The wealth of available data and advances in machine learning intensified efforts to redefine disorder categories using data-driven methods. Previous studies stratified psychiatric disorders mostly by clustering single domains (e.g., psychometry [6,7,8,9,10], neuroimaging [11,12,13,14,15,16], biochemical markers , or genetics [18, 19]) or by analyzing patients from a single diagnosis (e.g., major depressive disorder (MDD) [5, 7, 11, 18,19,20,21,22] or schizophrenia (SCZ) [23,24,25,26,27,28]). Previous transdiagnostic clustering studies support the existence of diagnostically mixed subtypes across two [29,30,31] or more disorders [32,33,34,35]. However, these studies were limited by small samples and analyzed few disorders or variables [36, 37]. To our knowledge, Dwyer et al.  constitutes the largest published clustering study. It focused on psychosis, not covering the complete spectrum from healthy controls over affective to psychotic disorders. To assess the continuum between well-being and disease, clustering analyses profit from the inclusion of healthy controls, largely omitted in previous studies [7, 21, 29, 34].

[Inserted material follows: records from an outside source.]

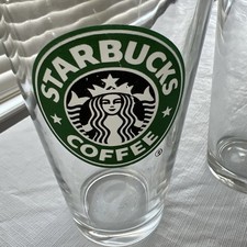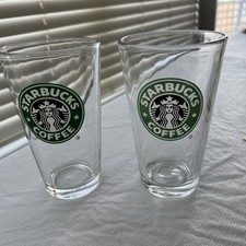 The product is a set of two 16 ounce pint glasses featuring the old Starbucks logo, perfect for coffee and tea enthusiasts. The clear glasses showcase the iconic Starbucks brand and are ideal for enjoying a refreshing beverage while displaying a touch of coffee and tea-themed decor. These collectible glasses are a must-have for any Starbucks fan looking to add a unique piece to their collection.
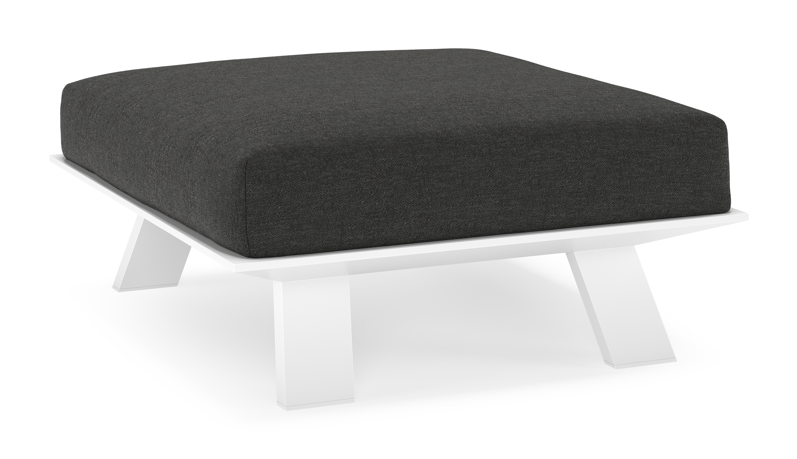 Cesano poef in wit aluminium met chartres sooty all weather Sunbrella® luxe kussen | Exterioo tuinmeubelen
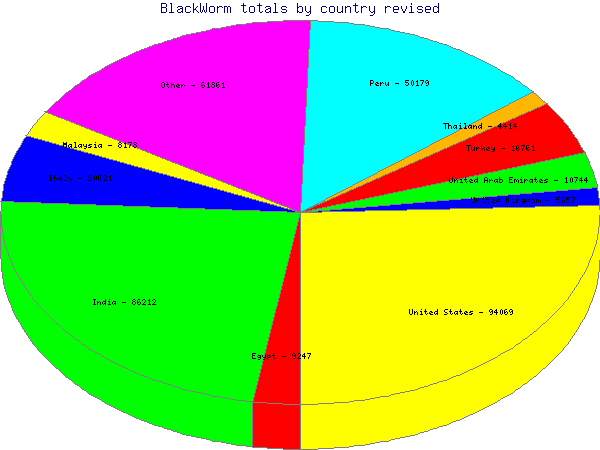 As reported in the previous analysis, BlackWorm contacts a web stats counter to report infections. Working with the ISP hosting the counter along with the TISF BlackWorm task force, we have obtained and analyzed the logs from the counter.
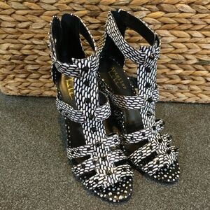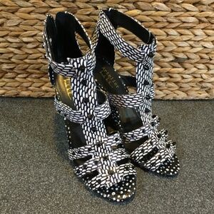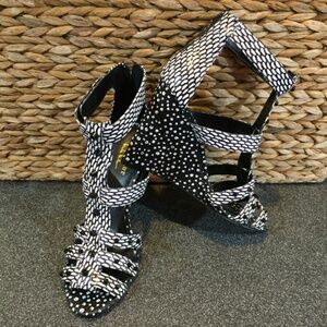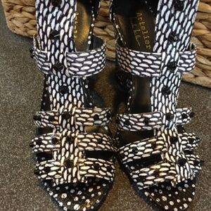 Step out in style with these chic black and white studded wedge leather sandals with zip back by Artelier Nicole Miller. Perfect for any occasion. EUC
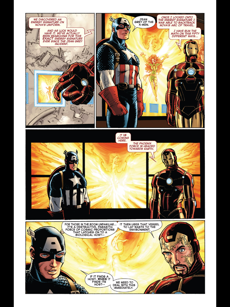 Whether you were onboard for Dark Phoenix in the 80’s, privy to the cartoon rendition in the 90’s, or were introduced to the Jean Grey drama via Famke Janssen’s tragic end in X-Men: The Last Stand, you know something about this Phoenix business. Chris Claremont and John Byrne created what is arguably the greatest Marvel storyline ever when they sent the X-Men on the now-classic adventure from the depraved ballrooms of the Hellfire Club in New York City to the cosmic grandiosity of the Shi’ar Imperium. No matter which version you’re accustomed to (even in the canonical comics continuity in which we’ve already been privy to one rebirth and redeath of Jean Grey), you know how the story ends. So you can appreciate the gravity with which Iron Man says the lines, “The Phoenix Force is headed toward Earth.”

In the present study, we applied a data-driven clustering approach to a large transdiagnostic patient/control sample. It encompassed healthy controls and patients diagnosed with MDD, bipolar disorder (BD), schizophrenia, schizoaffective disorder (SZA), or other psychiatric disorders (see below). Our study had the following two main aims: first, to use high-dimensional data clustering (HDDC)  to identify stable transdiagnostic clusters. Here, we used deep phenotypic data including psychopathology measures, personality traits, cognitive functioning, social functioning, attachment style, environmental exposures in childhood and youth, parental factors, and quality of life measures. Second, to characterize differences of clinical and genetic variables between clusters using supervised machine learning. Moreover, we analyzed the information gain of PGS compared with the family history of psychiatric disorders and replicated our clustering solution in an independent sample.
Materials and methods
FOR2107 is an ongoing multi-center study recruiting patients via in- and outpatient services in Marburg and Münster, Germany; healthy subjects were recruited via newspaper advertisements . Inclusion criteria for the cohort were comprehensive to ensure the recruitment of patients across different diagnoses, approximately representative for referrals to Western European psychiatric hospitals. The study protocols were approved by the ethics committees of the Medical Schools of the Universities of Marburg and Münster, following the Declaration of Helsinki, and all participants provided written informed consent. All subjects underwent a structured clinical interview for Diagnostic and Statistical Manual (DSM)-IV axis I disorders , administered by trained clinical raters.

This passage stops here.